Release Notes

6.0.18

Fixes

  • Backup metadata could falsely indicate that a backup is not usable. (PR #1007)

  • Blobstore request failures could cause backup expire and delete operations to skip some files. (PR #1007)

  • Blobstore request failures could cause restore to fail to apply some files. (PR #1007)

  • Storage servers with large amounts of data would pause for a short period of time after rebooting. (PR #1001)

  • The client library could leak memory when a thread died. (PR #1011)

Features

  • Added the ability to specify versions as version-days ago from latest log in backup. (PR #1007)

6.0.17

Fixes

  • Existing backups did not make progress when upgraded to 6.0.16. (PR #962)

6.0.16

Performance

  • Added a new backup folder scheme which results in far fewer kv range folders. (PR #939)

Fixes

  • Blobstore REST client attempted to create buckets that already existed. (PR #923)

  • DNS would fail if IPv6 responses were received. (PR #945)

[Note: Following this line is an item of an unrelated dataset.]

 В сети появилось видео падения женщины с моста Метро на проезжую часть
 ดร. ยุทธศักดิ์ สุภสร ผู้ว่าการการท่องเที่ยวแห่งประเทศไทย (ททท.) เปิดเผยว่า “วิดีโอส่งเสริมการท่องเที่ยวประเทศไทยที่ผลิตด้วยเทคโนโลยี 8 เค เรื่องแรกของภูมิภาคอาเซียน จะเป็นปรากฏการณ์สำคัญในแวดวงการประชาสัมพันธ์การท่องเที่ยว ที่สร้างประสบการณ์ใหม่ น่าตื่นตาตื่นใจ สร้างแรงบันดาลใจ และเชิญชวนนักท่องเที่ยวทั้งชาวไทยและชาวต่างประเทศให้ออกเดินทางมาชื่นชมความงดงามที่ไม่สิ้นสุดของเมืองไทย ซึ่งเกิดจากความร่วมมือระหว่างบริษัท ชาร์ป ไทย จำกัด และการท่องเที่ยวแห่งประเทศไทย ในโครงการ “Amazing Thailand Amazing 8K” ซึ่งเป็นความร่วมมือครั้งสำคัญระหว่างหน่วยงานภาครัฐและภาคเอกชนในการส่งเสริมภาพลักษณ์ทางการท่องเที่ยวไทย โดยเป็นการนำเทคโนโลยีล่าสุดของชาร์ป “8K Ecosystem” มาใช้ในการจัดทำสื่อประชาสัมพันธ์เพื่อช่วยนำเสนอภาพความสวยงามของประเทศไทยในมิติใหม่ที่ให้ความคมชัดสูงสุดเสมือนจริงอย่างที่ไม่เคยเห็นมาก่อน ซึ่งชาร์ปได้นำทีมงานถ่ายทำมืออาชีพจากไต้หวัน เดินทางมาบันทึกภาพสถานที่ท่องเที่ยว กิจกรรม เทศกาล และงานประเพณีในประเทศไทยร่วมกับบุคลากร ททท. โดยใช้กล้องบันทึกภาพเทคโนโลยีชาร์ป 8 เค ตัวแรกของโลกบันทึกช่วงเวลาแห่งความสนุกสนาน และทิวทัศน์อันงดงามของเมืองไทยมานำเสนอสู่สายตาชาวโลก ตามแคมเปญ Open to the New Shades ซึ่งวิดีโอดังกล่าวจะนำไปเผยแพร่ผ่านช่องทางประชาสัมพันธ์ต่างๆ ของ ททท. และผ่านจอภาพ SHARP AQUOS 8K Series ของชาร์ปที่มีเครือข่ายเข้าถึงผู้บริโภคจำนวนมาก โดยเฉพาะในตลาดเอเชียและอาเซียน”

  • Backup expiration would occasionally fail due to an incorrect assert. (PR #926)

6.0.15

Features

  • Added support for asynchronous replication to a remote DC with processes in a single cluster. This improves on the asynchronous replication offered by fdbdr because servers can fetch data from the remote DC if all replicas have been lost in one DC.

  • Added support for synchronous replication of the transaction log to a remote DC. This remote DC does not need to contain any storage servers, meaning you need much fewer servers in this remote DC.

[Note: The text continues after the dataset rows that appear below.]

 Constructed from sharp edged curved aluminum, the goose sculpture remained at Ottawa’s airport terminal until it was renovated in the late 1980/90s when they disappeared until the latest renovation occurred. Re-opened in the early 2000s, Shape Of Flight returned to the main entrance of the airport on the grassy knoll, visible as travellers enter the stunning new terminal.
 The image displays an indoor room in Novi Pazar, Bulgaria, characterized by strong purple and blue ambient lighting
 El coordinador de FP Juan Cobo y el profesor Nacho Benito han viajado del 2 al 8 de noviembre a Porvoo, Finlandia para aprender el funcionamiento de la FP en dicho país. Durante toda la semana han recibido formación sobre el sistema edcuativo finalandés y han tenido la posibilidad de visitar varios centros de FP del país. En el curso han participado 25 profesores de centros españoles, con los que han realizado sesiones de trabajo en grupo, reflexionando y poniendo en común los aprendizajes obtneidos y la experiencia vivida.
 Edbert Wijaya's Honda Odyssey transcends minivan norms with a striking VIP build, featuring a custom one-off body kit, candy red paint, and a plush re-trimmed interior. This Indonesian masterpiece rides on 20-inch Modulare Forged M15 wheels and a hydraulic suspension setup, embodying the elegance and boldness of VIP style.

  • The TLS plugin is now statically linked into the client and server binaries and no longer requires a separate library. (Issue #436)

  • TLS peer verification now supports verifiying on Subject Alternative Name. (Issue #514)

  • TLS peer verification now supports suffix matching by field. (Issue #515)

  • TLS certificates are automatically reloaded after being updated. [6.0.5] (Issue #505)

  • Added the fileconfigure command to fdbcli, which configures a database from a JSON document. [6.0.10] (PR #713)

  • Backup-to-blobstore now accepts a “bucket” URL parameter for setting the bucket name where backup data will be read/written. [6.0.15] (PR #914)

Performance

  • Transaction logs do not copy mutations from previous generations of transaction logs. (PR #339)

  • Load balancing temporarily avoids communicating with storage servers that have fallen behind.

  • Avoid assigning storage servers responsibility for keys they do not have.

  • Clients optimistically assume the first leader reply from a coordinator is correct. (PR #425)

  • Network connections are now closed after no interface needs the connection. [6.0.1] (Issue #375)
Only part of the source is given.